**Given records:**
== == ==

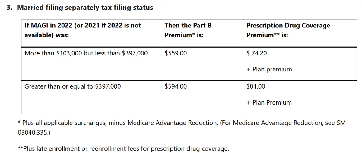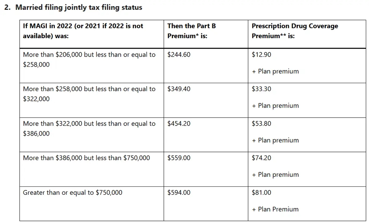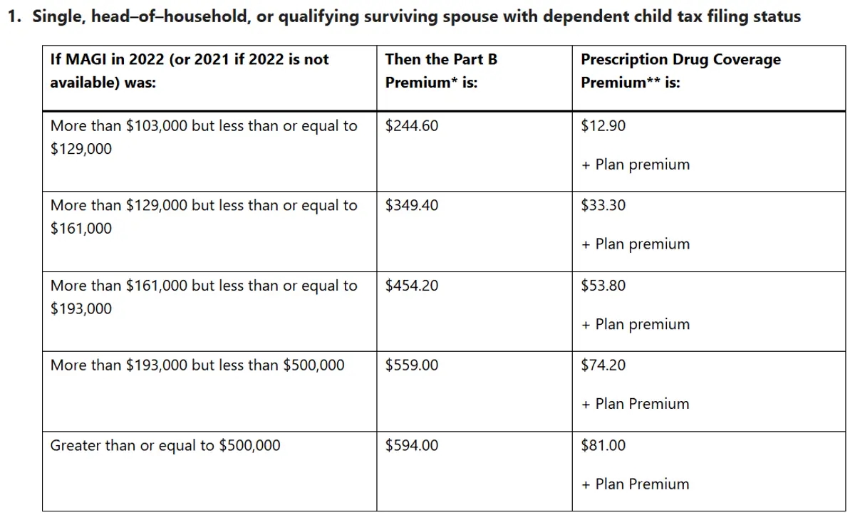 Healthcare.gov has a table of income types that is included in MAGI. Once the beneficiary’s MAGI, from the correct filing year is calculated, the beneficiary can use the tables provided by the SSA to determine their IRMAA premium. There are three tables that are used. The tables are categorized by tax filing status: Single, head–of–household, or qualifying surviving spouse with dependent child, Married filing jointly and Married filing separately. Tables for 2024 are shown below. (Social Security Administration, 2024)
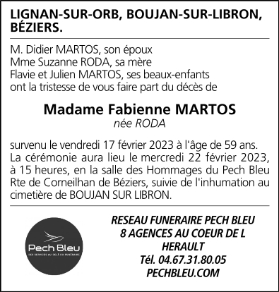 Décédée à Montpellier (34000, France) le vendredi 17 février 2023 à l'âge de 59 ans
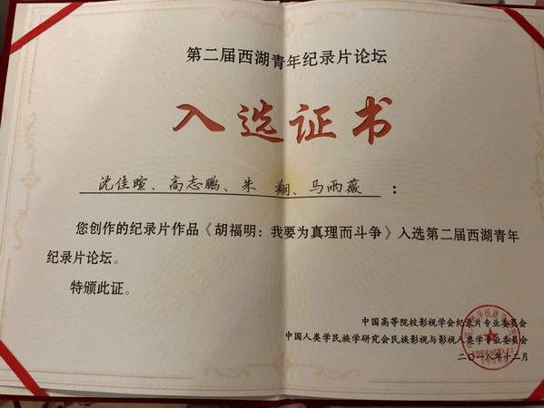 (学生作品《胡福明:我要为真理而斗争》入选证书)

== == ==

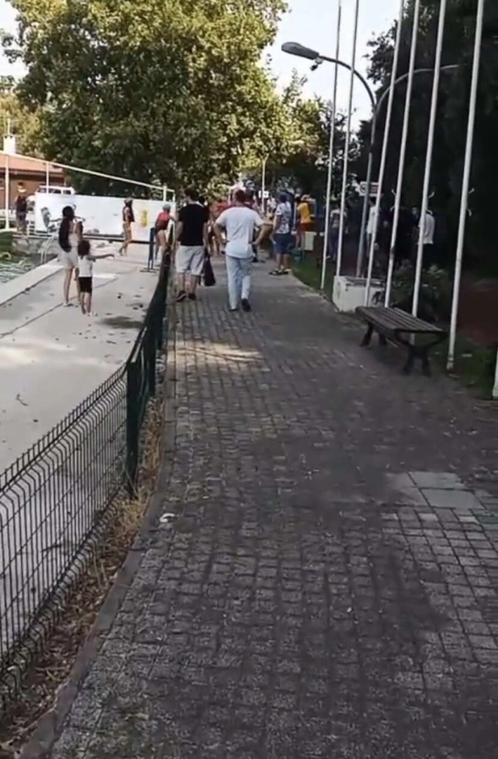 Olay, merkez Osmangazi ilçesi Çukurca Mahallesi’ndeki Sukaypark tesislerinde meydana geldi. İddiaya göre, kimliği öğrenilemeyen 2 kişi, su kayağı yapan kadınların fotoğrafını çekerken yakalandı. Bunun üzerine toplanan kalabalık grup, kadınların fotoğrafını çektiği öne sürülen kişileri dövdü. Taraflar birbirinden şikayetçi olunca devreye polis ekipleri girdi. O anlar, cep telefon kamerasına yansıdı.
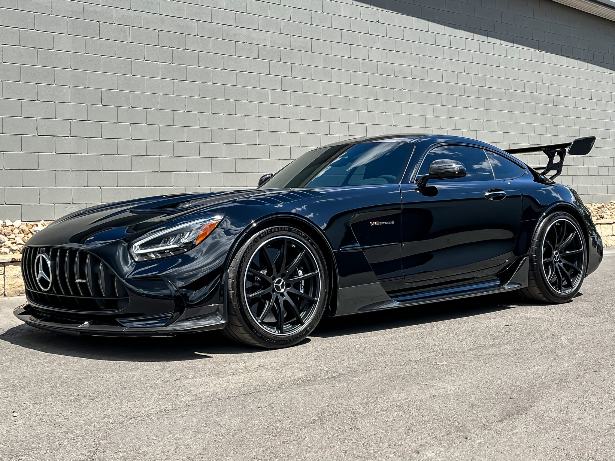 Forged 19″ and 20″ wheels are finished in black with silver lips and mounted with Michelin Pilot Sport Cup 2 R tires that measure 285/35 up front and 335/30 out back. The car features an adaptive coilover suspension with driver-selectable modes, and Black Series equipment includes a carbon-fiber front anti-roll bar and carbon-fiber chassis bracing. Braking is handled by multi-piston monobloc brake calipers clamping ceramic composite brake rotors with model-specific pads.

== == ==

Write out the lines above from the one with "Healthcare.gov has a" through the one with "(学生作品《胡福明:我要为真理而斗争》入选证书)", ends included, exactly; no picture goes in.

**Your response:**
 Healthcare.gov has a table of income types that is included in MAGI. Once the beneficiary’s MAGI, from the correct filing year is calculated, the beneficiary can use the tables provided by the SSA to determine their IRMAA premium. There are three tables that are used. The tables are categorized by tax filing status: Single, head–of–household, or qualifying surviving spouse with dependent child, Married filing jointly and Married filing separately. Tables for 2024 are shown below. (Social Security Administration, 2024)
 Décédée à Montpellier (34000, France) le vendredi 17 février 2023 à l'âge de 59 ans
 (学生作品《胡福明:我要为真理而斗争》入选证书)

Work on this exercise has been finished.